[Assignment] Retype nothing except the lines below from the one with "Артикул: Маяк светодиодный" through the one with "Minisun Junior D-vitamiini Päärynä 100 tabl.", exactly, with images left out.

[The data]
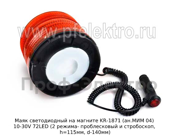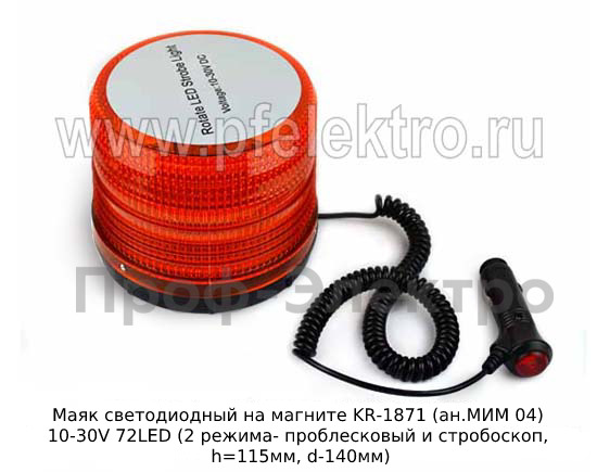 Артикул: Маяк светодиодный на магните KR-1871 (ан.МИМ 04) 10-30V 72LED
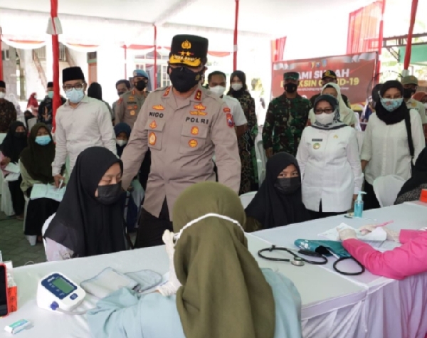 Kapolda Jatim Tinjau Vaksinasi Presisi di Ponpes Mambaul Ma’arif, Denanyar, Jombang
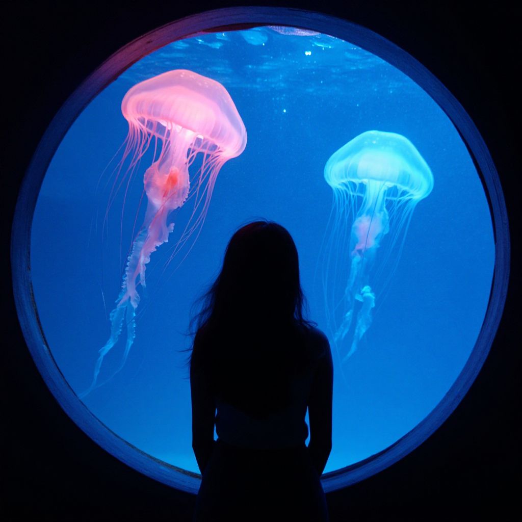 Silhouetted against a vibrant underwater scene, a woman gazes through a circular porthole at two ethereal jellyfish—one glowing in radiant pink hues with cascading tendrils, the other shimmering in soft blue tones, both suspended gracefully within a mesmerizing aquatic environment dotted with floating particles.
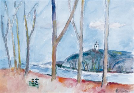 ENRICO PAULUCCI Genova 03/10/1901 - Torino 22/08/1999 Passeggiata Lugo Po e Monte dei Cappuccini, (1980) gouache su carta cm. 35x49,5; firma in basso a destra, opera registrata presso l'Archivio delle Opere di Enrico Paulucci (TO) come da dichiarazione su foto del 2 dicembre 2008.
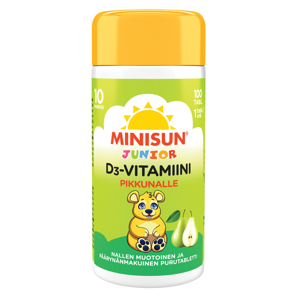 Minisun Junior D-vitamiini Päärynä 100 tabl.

==

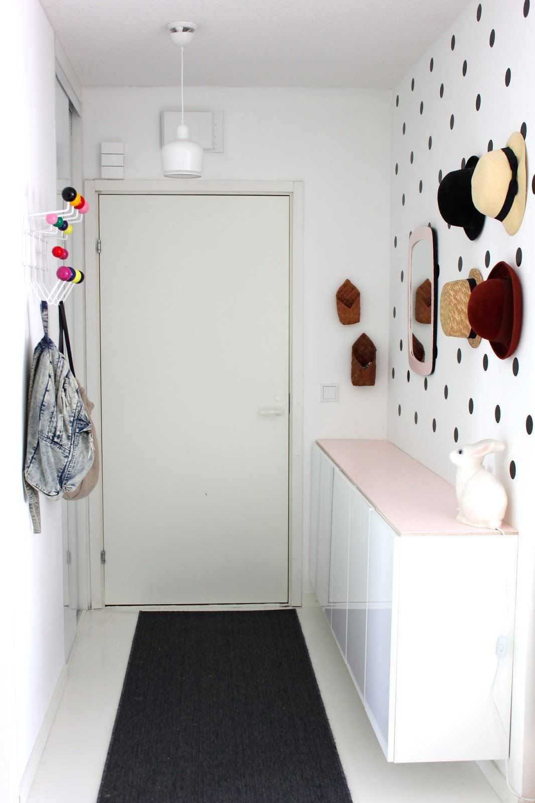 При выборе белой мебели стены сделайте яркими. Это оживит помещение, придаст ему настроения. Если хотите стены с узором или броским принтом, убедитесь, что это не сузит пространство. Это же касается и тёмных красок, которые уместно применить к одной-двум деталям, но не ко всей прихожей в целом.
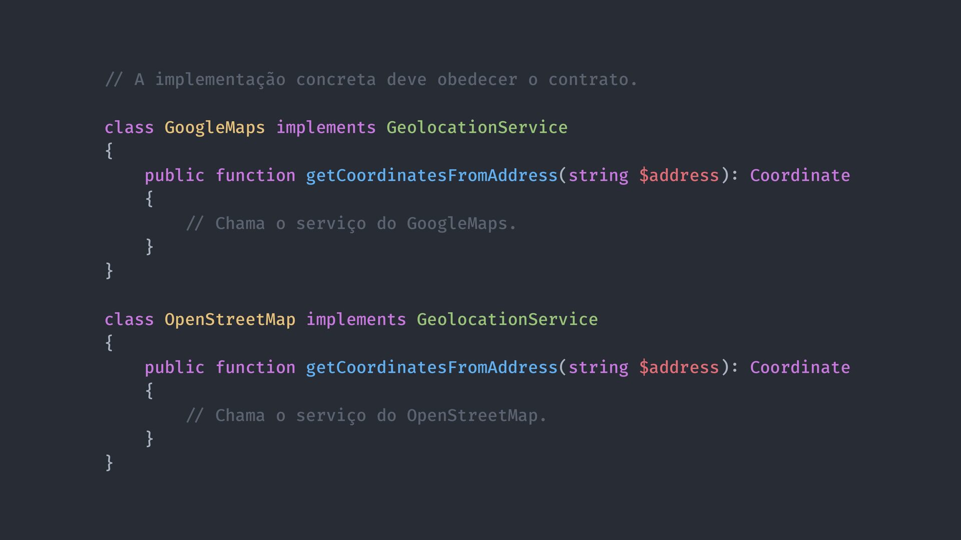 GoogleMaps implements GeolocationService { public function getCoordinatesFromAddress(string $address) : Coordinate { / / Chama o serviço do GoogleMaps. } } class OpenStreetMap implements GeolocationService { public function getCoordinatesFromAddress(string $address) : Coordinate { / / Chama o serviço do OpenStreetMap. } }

[Answer to this problem]
 Артикул: Маяк светодиодный на магните KR-1871 (ан.МИМ 04) 10-30V 72LED
 Kapolda Jatim Tinjau Vaksinasi Presisi di Ponpes Mambaul Ma’arif, Denanyar, Jombang
 Silhouetted against a vibrant underwater scene, a woman gazes through a circular porthole at two ethereal jellyfish—one glowing in radiant pink hues with cascading tendrils, the other shimmering in soft blue tones, both suspended gracefully within a mesmerizing aquatic environment dotted with floating particles.
 ENRICO PAULUCCI Genova 03/10/1901 - Torino 22/08/1999 Passeggiata Lugo Po e Monte dei Cappuccini, (1980) gouache su carta cm. 35x49,5; firma in basso a destra, opera registrata presso l'Archivio delle Opere di Enrico Paulucci (TO) come da dichiarazione su foto del 2 dicembre 2008.
 Minisun Junior D-vitamiini Päärynä 100 tabl.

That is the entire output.